Quand les aigris refusent de maigrir

Dans les temps anciens, ceux qui avaient la pêche se moquaient de ceux qui étaient dans la dèche, ceux dont la vie était rose éructaient sur ceux pour qui elle était morose, ceux qui opprimaient prétendaient défendre ceux-là même qu’ils brimaient.

Dans les temps anciens, ceux qui osaient signaler les dérives arbitraires, se rebiffer contre le banditisme légal des trafiquants de toute sorte et s’insurger contre le gaspillage normalisé et l’appropriation des biens publics par la famille et les amis du régime, n’aimaient pas leur pays.

Dans les temps anciens, un mariage somptueux défraya la chronique, de belles fêtes se célébrèrent avec rythmique, des touristes nombreux visitèrent un pays magnifique alors que son peuple en haillons était invité, triste spectateur, à battre la musique.

Puis, il y eut comme un arrêt soudain. Le vent avait tourné.
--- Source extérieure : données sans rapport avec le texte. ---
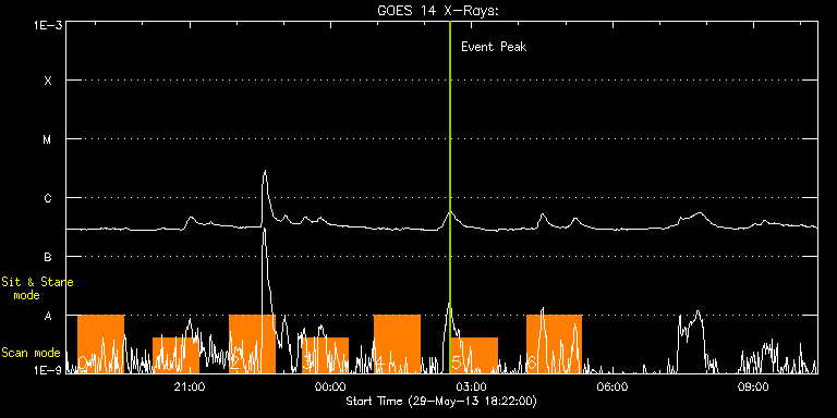 EIS Observation timeline overlay to GOES-Xray curve Code 1" 2" 40" 266" EIS Observations list for this event: STUDY ACRONYM ID DATE OBSERVED DESCRIPTION NOAA# TARGET 0 ISSI_jet_1 | 33973 | 2013/05/29 18:36:43 | Equatorial coronal hole | | Quiet Sun TIMELINE ID DATE OBSERVED FITS FILE XCEN (+W/-E) YCEN (+N/-S) DUR ----------------------------------------------------------------------------------------------------------------- 33973 | 2013/05/29 18:36:43.000 | eis_l0_20130529_183643.fits.gz | -8.99 | 11.94 | 58m37s 1 ISSI_jet_1 | 33974 | 2013/05/29 20:13:43 | Equatorial coronal hole | | Quiet Sun TIMELINE ID DATE OBSERVED FITS FILE XCEN (+W/-E) YCEN (+N/-S) DUR ----------------------------------------------------------------------------------------------------------------- 33974 | 2013/05/29 20:13:43.000 | eis_l0_20130529_201343.fits.gz | 6.00 | 11.78 | 58m37s 2 ISSI_jet_1 | 33975 | 2013/05/29 21:50:43 | Equatorial coronal hole | | Quiet Sun TIMELINE ID DATE OBSERVED FITS FILE XCEN (+W/-E) YCEN (+N/-S) DUR ----------------------------------------------------------------------------------------------------------------- 33975 | 2013/05/29 21:50:43.000 | eis_l0_20130529_215043.fits.gz | 20.91 | 11.47 | 58m36s 3 ISSI_jet_1 | 33976 | 2013/05/29 23:23:13 | Equatorial coronal hole | | Quiet Sun TIMELINE ID DATE OBSERVED FITS FILE XCEN (+W/-E) YCEN (+N/-S) DUR ----------------------------------------------------------------------------------------------------------------- 33976 | 2013/05/29 23:23:13.000 | eis_l0_20130529_232313.fits.gz | 35.20 | 11.40 | 58m36s 4 ISSI_jet_1 | 33977 | 2013/05/30 00:56:13 | Equatorial coronal hole | 1757 | Quiet Sun TIMELINE ID DATE OBSERVED FITS FILE XCEN (+W/-E) YCEN (+N/-S) DUR ----------------------------------------------------------------------------------------------------------------- 33977 | 2013/05/30 00:56:13.000 | eis_l0_20130530_005613.fits.gz | 49.41 | 11.32 | 58m36s 5 ISSI_jet_1 | 33978 | 2013/05/30 02:34:14 | Equatorial coronal hole | 1757 | Quiet Sun TIMELINE ID DATE OBSERVED FITS FILE XCEN (+W/-E) YCEN (+N/-S) DUR ----------------------------------------------------------------------------------------------------------------- 33978 | 2013/05/30 02:34:14.000 | eis_l0_20130530_023414.fits.gz | 64.47 | 11.24 | 58m36s 6 GDZ_300x384_S2S3_40 | 34007 | 2013/05/30 04:10:13 | Equatorial coronal hole | 1757 | Active Region TIMELINE ID DATE OBSERVED FITS FILE XCEN (+W/-E) YCEN (+N/-S) DUR ----------------------------------------------------------------------------------------------------------------- 34007 | 2013/05/30 04:10:13.000 | eis_l0_20130530_041013.fits.gz | 79.07 | 11.09 | 1h10m7s : Check study information : Download file : View thumbnails For this event, also check for:

La rue avait parlé.

C’était, il y a trente ans, en 1986. Fort du soutien de l’Oncle – pour sa lutte contre les ennemis du sacro-saint capitalisme – le dernier Président à vie d’Haïti vivait, sans souci aucun, sa vie de jet-setter, confiant qu’il était dans le bien-fondé de la victoire que représentait pour cette nation la révolution de son médecin de père.

En 1971, les États-Unis d’Amérique avaient salué, de la grande façon, l’arrivée de Jean-Claude Duvalier au pouvoir. En guise d’encouragement pour les grandes percées démocratiques d’un régime autoritaire dont le président détenait un pouvoir quasi-absolu accordé par une constitution (re)faite sur mesure, ils installèrent, fidèles à leurs grands idéaux, le programme USAid en Haïti.

Malheureusement, le peuple ne l’entendait pas ainsi. Peu convaincu par la démocratie duvaliérienne, il manifesta son mécontentement et, vers la fin des années 1970, le fils avait re-découvert le bien-fondé des méthodes de son père. Il s’en prit à la loi de la bouche mais surtout à la loi du corps de ces ingrats.

La grogne monta. Les manifestations se multiplièrent. L’opposition prit de l’assurance. Mais le bébé ne s’inquiètera pas outre mesure. Il a, il le sait, le soutien de l’Oncle. Il s’en sortira. En janvier 1986, il se fait pourtant lâcher par Reagan qui ira même jusqu’à lui refuser l’asile. Comme beaucoup d’Haitiens avant lui – et beaucoup d’Haitiens après lui – il venait de perdre son Blanc.

Le Blan est une curieuse créature. C’est un Léviathan spontané qui n’est issu d’aucun contrat social. Il n’a donc aucun compte à rendre et favorise qui il veut, quand il veut. Ce qui veut dire qu’il peut aussi les lâcher quand il veut, comme il veut. Mais ses protégés, bien au chaud au creux de ses mains, oublient vite que ces mêmes mains, immanquablement, les broieront sans remords.

C’est le propre des monstres que d’écraser ceux dont ils n’ont plus l’usage. Pourtant, cela étonne toujours. L’on se dit que ce n’est pas vraiment vrai. Que c’est pour la galerie. Que notre monstre ne nous ferait jamais cela. Qu’il nous aime. La preuve, il nous a soutenu, longtemps, alors que personne ne croyait en nous.

Convaincu de la justesse de notre analyse, nous crions aux aigris, ceux qui rêvent d’être à notre place, ceux que la jalousie doit faire maigrir, que NOUS NE PARTIRONS PAS.

Puis, arrive le moment où il faut faire face. Arrive le moment où les aigris refusent de maigrir et de laisser les méritants en paix. Arrive le moment où les mauvaises expériences ayant conduit à l’aigreur alimentent plus que l’amertume et l’irritation. Arrive le moment, et ce moment arrive toujours, où le vase déborde.

Alors, l’on part, tout penaud, la queue entre les jambes.